Unless it matters, I drop the order and write $B_T$. The notation $B_T(x)$ denotes the Bernoulli approximation of latent value $x$. When $x$ is unobservable, $B_T(x)$ is a noisy measurement of it.
In the Bernoulli Boolean Model, $B_{\mathrm{bool}}(x)$ is a Bernoulli random variable with
$$ \Pr\lbrace B_{\mathrm{bool}}(x) \neq x\rbrace = \varepsilon(x) $$for each $x \in \lbrace 0,1\rbrace$, where $0 < \varepsilon(x) < 1$ is the error probability. In practice, $\varepsilon(x)$ is known or its expectation is known, and it can be set to balance space complexity against accuracy.
Binary Channels
The Bernoulli Boolean model maps onto two channel models:
Binary Symmetric Channel (First-order, $B_{\mathrm{bool}}^{(1)}$): The error probability is the same for $1$ and $0$.
Binary Asymmetric Channel (Second-order, $B_{\mathrm{bool}}^{(2)}$): The error probability differs for $1$ and $0$.
False Positives and Negatives
Errors decompose into:
- $B_{\mathrm{bool}}(0) = 1$ is a false negative.
- $B_{\mathrm{bool}}(1) = 0$ is a false positive.
In the first-order model, these probabilities are equal. In the second-order model, they differ. A common special case of the second-order model: false negatives occur with probability 0 and false positives with probability $0 < \varepsilon < 1$. This is exactly the Bloom filter error model.
Prediction
$B_T(x)$ is correlated with the latent value $x$ and so provides information about it. Given $B_T(x)$, you can predict $x$ better than guessing, assuming the error rate is better than chance (for $B_{\mathrm{bool}}$, that means $\varepsilon(x) < 0.5$). With no prior information, the maximum likelihood estimate of $x$ is just the observation $B_T(x)$.

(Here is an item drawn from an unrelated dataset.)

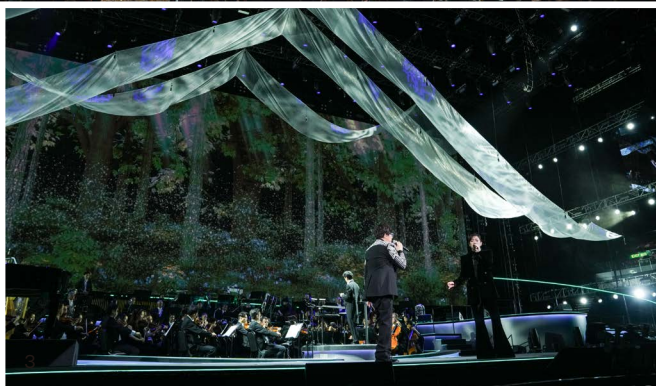
1-3 | 港樂與多位流行音樂巨星攜手，於2024年4月27日至29日假香港體育館舉行三場「中國人壽（海外）榮譽呈獻：港樂50・友弦樂聚」音樂會。The HK Phil held the celebratory concert “China Life (Overseas) Proudly Sponsors: HK Phil 50 - Symphonic Reunion” at the Hong Kong Coliseum from 27 to 29 April 2024, featuring a stellar lineup of pop singers.

Since $\varepsilon(x)$ is normally known, we can use Bayes’ rule:
$$ \Pr\lbrace X = x \mid B_T(x) = x \rbrace \propto \Pr\lbrace B_T(x) = x \mid X = x\rbrace \Pr\lbrace X = x\rbrace, $$where $\Pr\lbrace X = x\rbrace$ is the prior and $\Pr\lbrace B_T(x) = x \mid X = x\rbrace$ is the probability the observation is correct. For $X = 1$ this is the true positive rate $\tau$, for $X = 0$ the true negative rate $\nu$.
In the first-order model with accuracy $\tau$:
$$ \Pr\lbrace x \mid B_{\mathrm{bool}}^{(1)}(x)\rbrace = \frac{\tau \Pr\lbrace X = x\rbrace} {\tau \Pr\lbrace X = x\rbrace + (1-\tau) (1-\Pr\lbrace X = x\rbrace)}. $$Dividing numerator and denominator by $\Pr\lbrace X = x\rbrace$:
$$ \Pr\lbrace x \mid B_{\mathrm{bool}}^{(1)}(x)\rbrace = \frac{\tau}{\tau + (1-\tau) (1/\Pr\lbrace X = x\rbrace - 1)}. $$Under maximum entropy ($\Pr\lbrace X = 1\rbrace = 0.5$), this simplifies to $\Pr\lbrace x \mid B_{\mathrm{bool}}^{(1)}(x)\rbrace = \tau$.
Given $n$ i.i.d. noisy measurements,
$$ \Bigl\lbrace B_{1,\mathrm{bool}}^{(1)}(x), \ldots, B_{n,\mathrm{bool}}^{(1)}(x) \Bigr\rbrace, $$the maximum likelihood estimate is the majority vote. As $n \to \infty$, the majority vote converges in probability to $x$.
This is not typically how Bernoulli Booleans arise in practice. Usually they show up as analytical results of probabilistic data structures framed in the Bernoulli Model.
Inducing Bernoulli Types
Now we generalize.
Unit Functions
The Bernoulli Model for value types like $\mathrm{bool}$ can be thought of as Bernoulli approximations of unit functions $() \mapsto X$. A unit function takes no input and maps to a constant. There are $|X|$ such functions.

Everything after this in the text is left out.